Webrogue Part 2: map generation: simplex noise with warping
To continue my series on my web-based rogulike game dubbed "webrogue", I will talk about procedural map generation using something called simplex noise.. We wanted to start by generating a relatively realistic overworld map using configurable terrain types represented by ascii glyphs and colors.
As usual, we sought to save some time by getting an AI bot to help.
Working with ChatGPT, we quickly honed in on an implementation involving simplex noise, which generated a nice looking and somewhat realistic seeming random map which reminds us a little of a contour map.

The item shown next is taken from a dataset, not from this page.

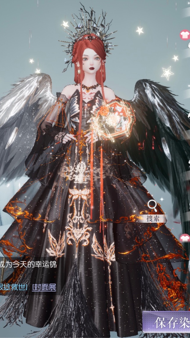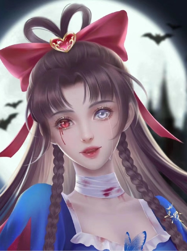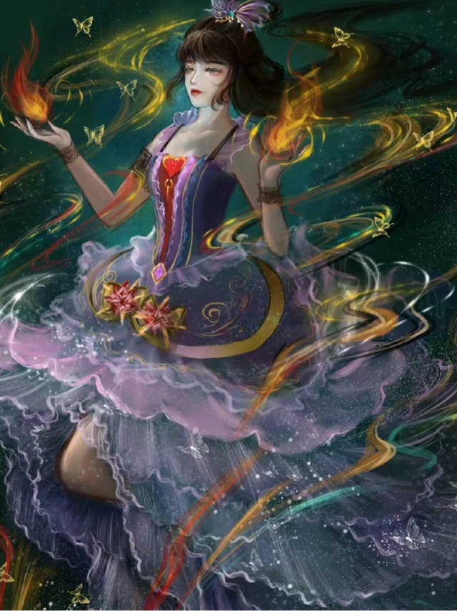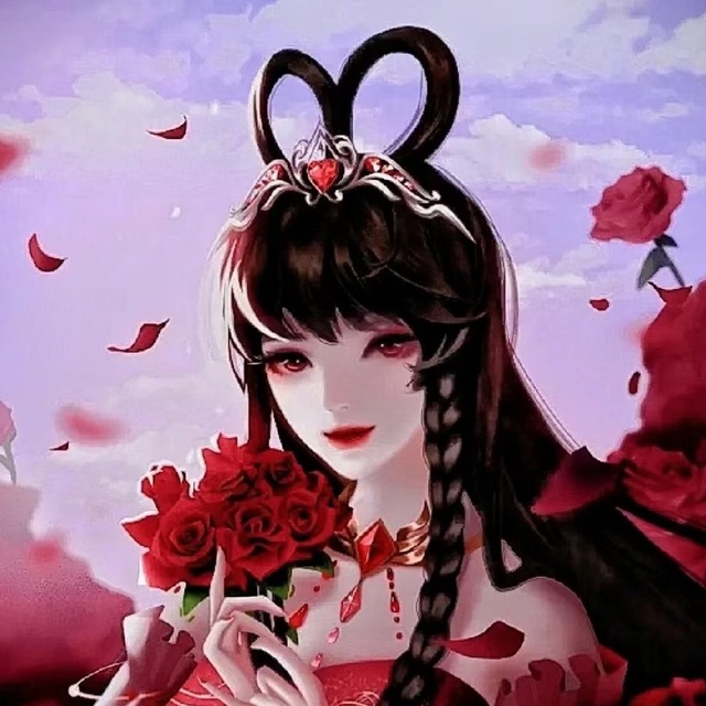 她穿着一件暗红色的长裙,裙摆散发着流苏的光芒,腰间系着一条黑色的腰带,手持一把暗红的弓箭,散发着神秘与神圣的气息

There are a lot of parameters to tweak when generating these maps to get them to look just how you want. When the space monkey saw us editing the values in source code, he said what are you doing, just make a UI to do that for so you can see what’s going on. We never argue with the space monkey, so we made this tool, and decided to share it with people so they can use it, too, if they want. It’s nothing special, but someone might find it useful or educational.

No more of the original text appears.